__Data excerpts__
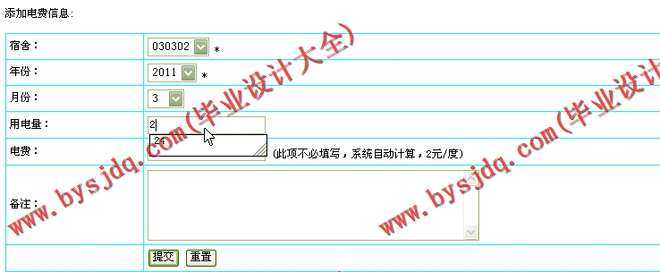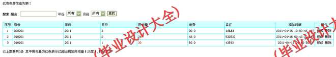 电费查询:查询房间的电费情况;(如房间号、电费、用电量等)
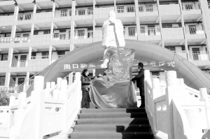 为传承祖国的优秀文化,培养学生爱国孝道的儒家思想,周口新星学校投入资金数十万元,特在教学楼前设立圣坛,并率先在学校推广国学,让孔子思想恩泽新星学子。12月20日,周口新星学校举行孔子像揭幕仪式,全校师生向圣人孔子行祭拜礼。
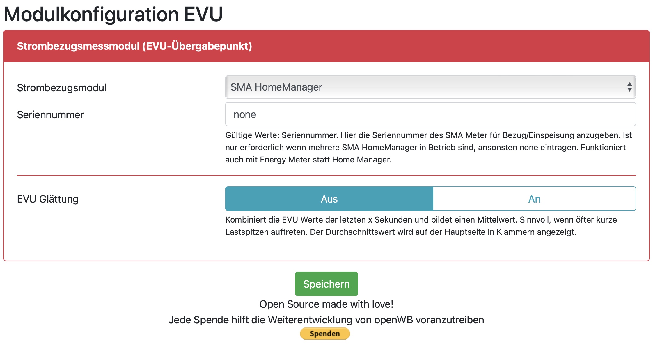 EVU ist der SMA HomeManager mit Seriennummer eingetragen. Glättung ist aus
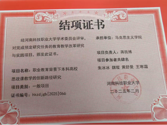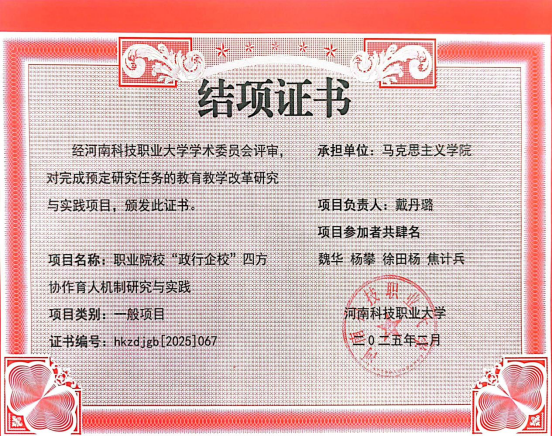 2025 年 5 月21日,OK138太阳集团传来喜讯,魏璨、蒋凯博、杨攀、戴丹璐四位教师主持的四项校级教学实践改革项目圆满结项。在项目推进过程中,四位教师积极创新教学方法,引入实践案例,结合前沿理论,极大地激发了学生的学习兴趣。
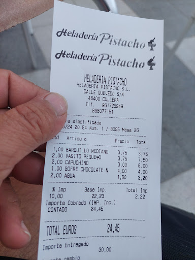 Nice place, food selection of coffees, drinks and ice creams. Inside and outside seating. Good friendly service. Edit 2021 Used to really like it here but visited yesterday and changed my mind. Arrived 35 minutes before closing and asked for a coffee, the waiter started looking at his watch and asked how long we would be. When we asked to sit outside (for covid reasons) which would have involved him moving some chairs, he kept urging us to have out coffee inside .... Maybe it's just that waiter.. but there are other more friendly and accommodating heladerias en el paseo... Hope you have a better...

__Your goal__
Would you write out an exact copy of the entries above, with no images?

__Problem solution__
 电费查询:查询房间的电费情况;(如房间号、电费、用电量等)
 为传承祖国的优秀文化,培养学生爱国孝道的儒家思想,周口新星学校投入资金数十万元,特在教学楼前设立圣坛,并率先在学校推广国学,让孔子思想恩泽新星学子。12月20日,周口新星学校举行孔子像揭幕仪式,全校师生向圣人孔子行祭拜礼。
 EVU ist der SMA HomeManager mit Seriennummer eingetragen. Glättung ist aus
 2025 年 5 月21日,OK138太阳集团传来喜讯,魏璨、蒋凯博、杨攀、戴丹璐四位教师主持的四项校级教学实践改革项目圆满结项。在项目推进过程中,四位教师积极创新教学方法,引入实践案例,结合前沿理论,极大地激发了学生的学习兴趣。
 Nice place, food selection of coffees, drinks and ice creams. Inside and outside seating. Good friendly service. Edit 2021 Used to really like it here but visited yesterday and changed my mind. Arrived 35 minutes before closing and asked for a coffee, the waiter started looking at his watch and asked how long we would be. When we asked to sit outside (for covid reasons) which would have involved him moving some chairs, he kept urging us to have out coffee inside .... Maybe it's just that waiter.. but there are other more friendly and accommodating heladerias en el paseo... Hope you have a better...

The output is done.